Tanzeum “can be used alone or added to existing treatment regimens to control blood sugar levels in the overall management of diabetes,” Dr. Curtis Rosebraugh, director of the Office of Drug Evaluation II in the FDA’s Center for Drug Evaluation and Research, said in an agency news release.

The FDA’s approval of the drug was based on eight clinical trials that included more than 2,000 people with type 2 diabetes. Those who took Tanzeum showed improvements in blood sugar control. The drug has also been studied for use in combination with other diabetes medications such as metformin, glimepiride, pioglitazone (Actos) and insulin.

The most common side effects seen with Tanzeum were nausea and/or reactions at the site of injection, the FDA said.

The drug, which is manufactured by GlaxoSmithKline, is not approved to treat Type 1 diabetes, the FDA noted.

The drug will carry a boxed warning stating that the use of some GLP-1 receptor agonists have been associated with thyroid tumors in rodents. The FDA said Tanzeum should not be prescribed for patients with a personal or family history of a type of thyroid cancer called medullary thyroid carcinoma (MTC), or for patients with Multiple Endocrine Neoplasia syndrome type 2. Patients with this disease have tumors in more than one gland in their body and are at increased risk for MTC.

Dr.
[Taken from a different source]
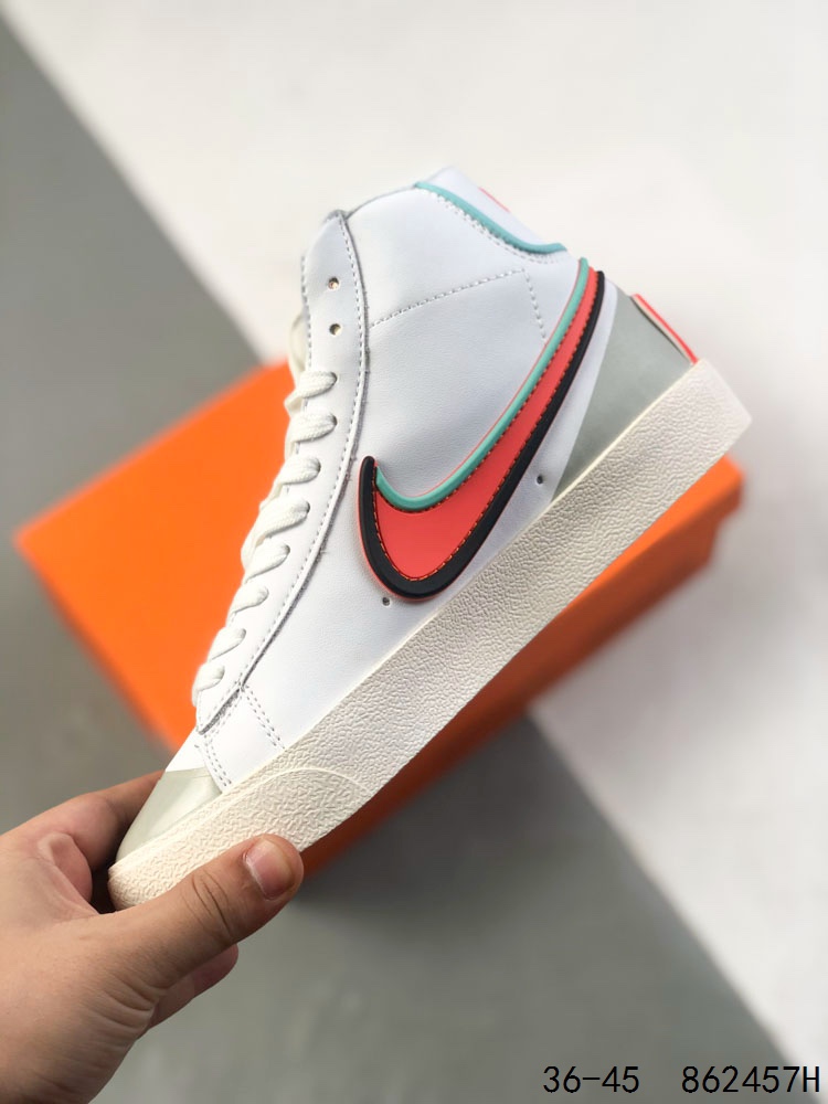 💰130 耐克 NIKE Blazer mid vintage开拓者 高帮男女子运动板鞋 厚底增高休闲鞋。采用轻盈利落设计,焕新演绎经典鞋款。该鞋款带来舒适足底体验,结合鞋侧壁加固设计,缔造舒适感受。皮革鞋面适合日常穿着,柔软非凡,硫化结构将外底与鞋面巧妙熔接,打造出众柔韧灵活性和复古风格。硬质橡胶外底融入人字形底纹,铸就非凡抓地力,彰显经典风范。加垫鞋口,一体式鞋头护条。 尺码:如图 货号:DC1746 ID:862457H

Spyros Mezitis is an endocrinologist at Lenox Hill Hospital in New York City. He said Tanzeum joins a list of other approved injectable diabetes medicines, including Victoza (liraglutide), Byetta (exenatide) and Bydureon (exenatide extended release).
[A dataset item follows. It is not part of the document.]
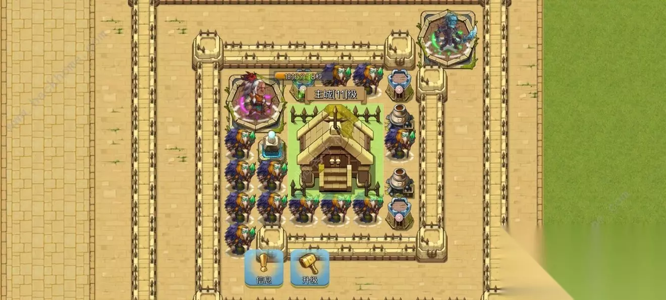 1。兑换码置顶,不定时更新(sorry321,miling6776,tr1086) 2。开局 首先刷开局(清除数据即可,目前无账号),想刷开局的可以直接开局升2主城(升级主城会导致怪物刷新自己斟酌),然后建酒馆免费一次金(好评兑换码也有一个金)金是有几率一次出10个金碎片的,当然也不必强求,即使开局金也难以得到材料提升。 3。氪金与花费 代金券该怎么花,长久玩钻石月卡和金币月卡必备,其余看自身需求(英雄上场上限为3提前考虑好阵容思路,材料是十分稀少的,难以做到给养多个)。特权等级升到5级/8级即可,5级开启战斗2倍速,8级每日领金色碎片。每升级到一个阶段的特权等级要记得领奖励,不要一次升太多级。 怎么得代金券,每20分钟左右会生成障碍,清除可得到藏宝图,使用藏宝图有平均40%+概率得到,每日任务,活动,兑换码等等也可以得到。如果觉得游戏真的好玩也可以赞助作者。 4。主城与周围怪 每次升级主城后周围所有的怪都会刷新满,所以升级前最好把怪刷干净。同时主城升级会导致地图扩大。 主城等级影响保留的周围怪物上限。召唤怪的书最好保留到后期再开,收益最大化,推图波数也影响装备等级。 进入战役选项再退出可以刷新周围怪物种类,从而避战部分难缠怪物。 早晚八点都会刷新幽魂怪,打过了会掉落符文提供8小时额外属性加成。 5。怪物攻击机制与布阵基础 怪物刷出来后,首先攻击最近目标,如果有防御塔(兵)攻击怪物,怪物就会走过去攻击防御塔(兵),如果无路可进(路被城墙挡住了),怪物就会随机开路。 飞行怪除外,飞行怪推荐使用多余建筑放置对应位置上达到聚怪然后以范围技能击杀最优。因此通常阵型的基础为:中间主城,四周塔(兵)攻击范围覆盖吸引怪物仇恨,开一个入口,尽量延长怪物路线。根据需求在四周安置聚怪建筑。举例,先将多余建筑(铁匠铺圣碑一类)列于四角聚怪,只要不输这种建筑损耗不会有任何影响,主城放置于中央,主城周围安排一圈远程1-3排(取决于使用的远程攻距),穿插防御塔达到攻击范围覆盖(无法覆盖会导致怪物破门而入)一周从而吸引怪物仇恨,再向外以城墙和各种单个位置建筑(金矿农场等)组成包裹,规划出怪物行进路线(越长越好,但是行进路线一定要在塔/兵攻击范围内,不然长的没有意义)。

“Post-marketing clinical trials are planned to examine cardiovascular effects, use in pediatric patients, and possible increase in pancreatitis or medullary thyroid cancer,” Mezitis said. “The results of these clinical trials will determine which GLP-1 agonists will be more useful” to patients.

According to the FDA, about 24 million people in the United States have type 2 diabetes, which accounts for more than 90 percent of all diabetes cases diagnosed in the United States. Over time, the high blood sugar levels produced by diabetes can increase the risk for serious complications, including heart disease, blindness, and nerve and kidney damage.